Bir yerde rüzgârlar, tek yönlü eserse yağmurlar eğri
yağmaya başlar.
***
Peki de Türkiye’de ne değişti? PKK, amaçlarından vaz
mı geçti?
Bunca asker, bunca polis niye öldü?
Vatan millet bölünmesin diye değil mi?
Peki, terör ne istiyor? Ekmek mi, iş mi, yoksa aş mı
istiyor?
Hayır!
Demokrasi ve kültürel haklar mı istiyor?
Hayır!
Öyleyse ne istiyor? Devletin otoritesini yıkmak, milli
birliğimizi ve bütünlüğümüzü bozmak, yani milli varlığımıza, milli
egemenliğimize kast etmek istiyor.
Bu millet, bu devlet, 30 yıldır maddi ve manevi yönden
nice kayıplar verdi. Kucak kucak ıstırap,
yığın, yığın acı yaşadı ve halen de yaşamaya devam ediyor. Çekilen bunca acılar, sıkıntılar, bunca çığlıklar
niçindi?
Ülke bölünmesin diye değil miydi? Yağmurlar yağdı
yarıklar kapandı mı?
Sözü daha fazla uzatmadan tabloyu, bir anekdotla tamamlayalım:
Sahabeden biri, Hz. Ömer’e sorar:
-“İnsanların en hayırlısı kimdir?”
Hz. Ömer:
-“Hayırla şerri birbirinden ayırmayı bilendir” diye
karşılık verir.
-“Peki ya Ömer, insanların en şerri kimdir?”
Hz. Ömer bu defa:
-“Kendi şerrini topluma hayır gibi gösterendir” der.
Bir ülkede en tehlikeli olan şey, aydın sandığımız
kimselerin geçmişlerinden ve milli benliklerinden uzaklaşmalarıdır. İşte en
büyük tehlike bunlardan gelir. Bu aydınların zihin yolları, doğrulara kapanmış.
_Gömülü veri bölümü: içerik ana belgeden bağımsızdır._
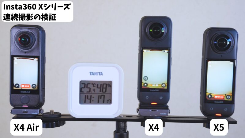 本記事では、Insta360 X4 Air、X5、X4の連続撮影検証を行い、バッテリー持ち時間と熱停止の耐性について徹底検証しました。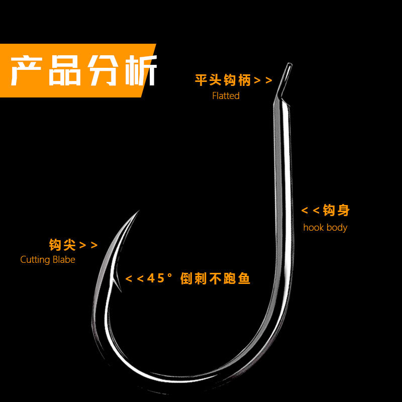 袖:此钩型无倒刺。钩尖锋利,钩柄长,钩条细钩身轻,适用于吸入取食的小型鱼种,快钓快取,多用于钓白鲫、小白条等。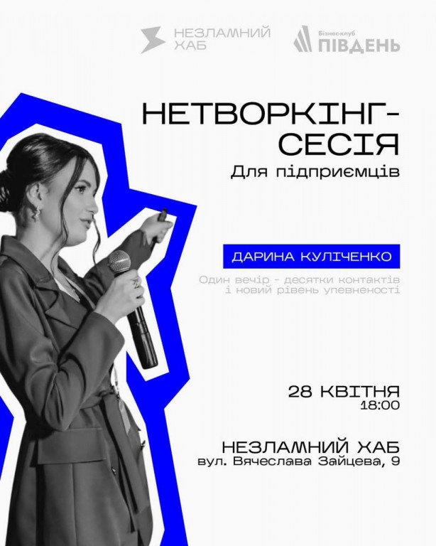 ⚙️Бізнес-клуб «Південь» та Дарина Куліченко організовують нетворкінг-сесію для підприємців в Незламному хабі Орбіта міста Запоріжжя. 🤝Зустріч передбачає унікальний вечір знайомств, практики самопрезентації та корисних бізнес-контактів. 📅 Захід відбудеться 28 квітня о 18:00 🏢 Місце зустрічі: вул. Вячеслава Зайцева, 9 (місто Запоріжжя) 👥…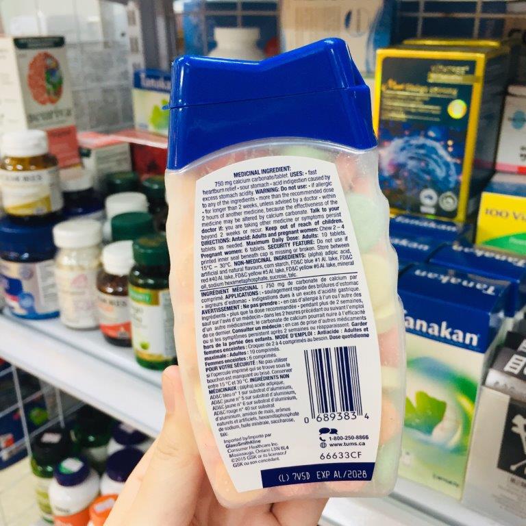 🌸 Tums Antiacid and Calcium Supplement Extra Strength 750 được nghiên cứu với công thức đặt biệt giúp điều hòa lượng axit trong dạ dạy, ngoài ra còn bổ sung thêm calcium giúp xương chắc khỏe. Với hương vị trái cây thơm ngon, dễ dàng sử dụng không những đẩy lùi các chứng khó tiêu, đầy hơi, ợ chua… mà còn làm cho bạn có cảm giác ngon miệng hơn khi ănTums Extra Strength là viên nhai được chiết xuất từ những thành phần thiên nhiên lành tính giúp hỗ trợ cải thiện các vấn đề về da dày như: hỗ trợ giảm tình trạng ợ nóng, đầy hơi, giúp người dùng ăn ngon miệng hơn. Sản phẩm có hương vị trái cây nhiệt đới, thơm ngon, dễ sử dụng.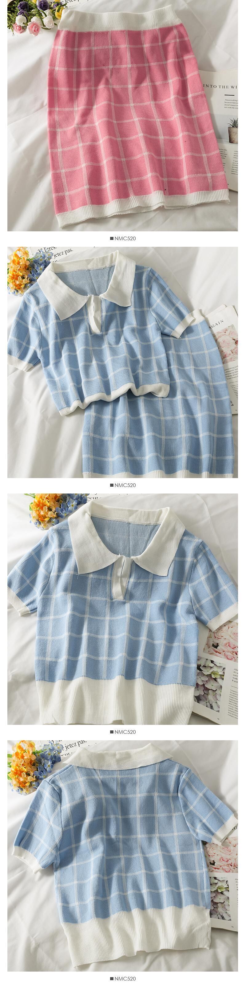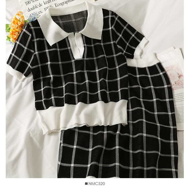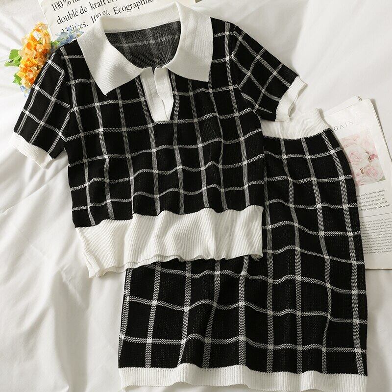 夏の女性のセット 2 ピーススーツ半袖 Tシャツとウエストミニスカート格子縞の衣装ブラウス Y2k ストリート ショート ハーフスリーブ サマー 夏物
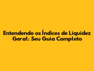 Entendendo Os Índices De Liquidez Geral: Seu Guia Completo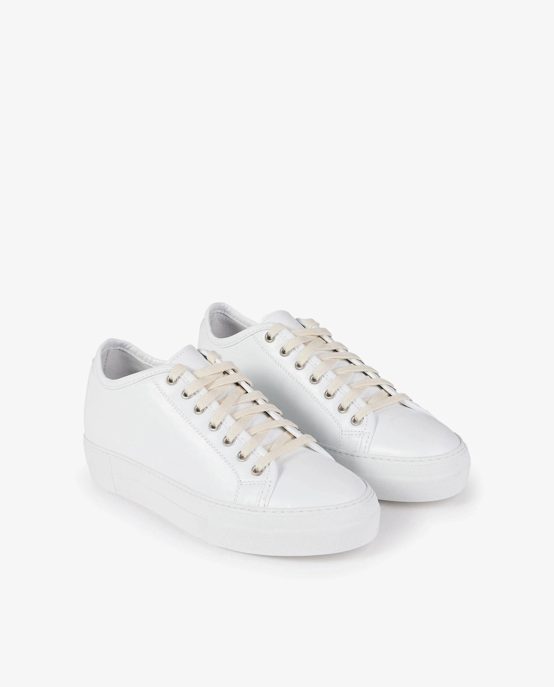 Sofie D’Hoore is known for her pure, simple designs. This platform sneakers in a smooth leather quality is a true example of her signature style. This low-top design is enriched with ecru-coloured laces.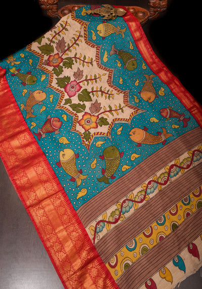 Authentic Pen Kalamkari on Chennuri Silk with Big Border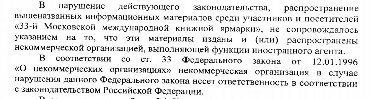«В составленный по результатам проверки акт был внесен целый ряд наших изданий, в том числе те, которые были изданы задолго до введения законодательства об [организациях] — „иностранных агентах“. В частности был взят каталог Музея Мемориала, изданный в 1998 году. На стенде у Международного Мемориала имеется специальный штамп с информацией о внесении в реестр, который мы ставим в старые книги, если посетители хотят такие книги получить. Нам не дали возможности поставить на взятые прокуратурой книги этот штамп», — приводит «Международный Мемориал» слова исполнительного директора Елены Жемковой.

Önyargıları gerçekleri görmelerine engel oluyor. Kendi köşelerini, terör ve
şiddeti destekleyenlerin söz ve beyanatlarına tahsis edecek kadar taraf
tutuyorlar.
Bunların rüzgarına kapılarak, düne kadar önem verip
peşinden koştuğumuz, altını kırmızıyla çizdiğimiz değer yargılarımızın, bugün üstünü çizmeye
kalkışmak, doğru değildir. Vatanını,
milletini sevenler için doğru tektir.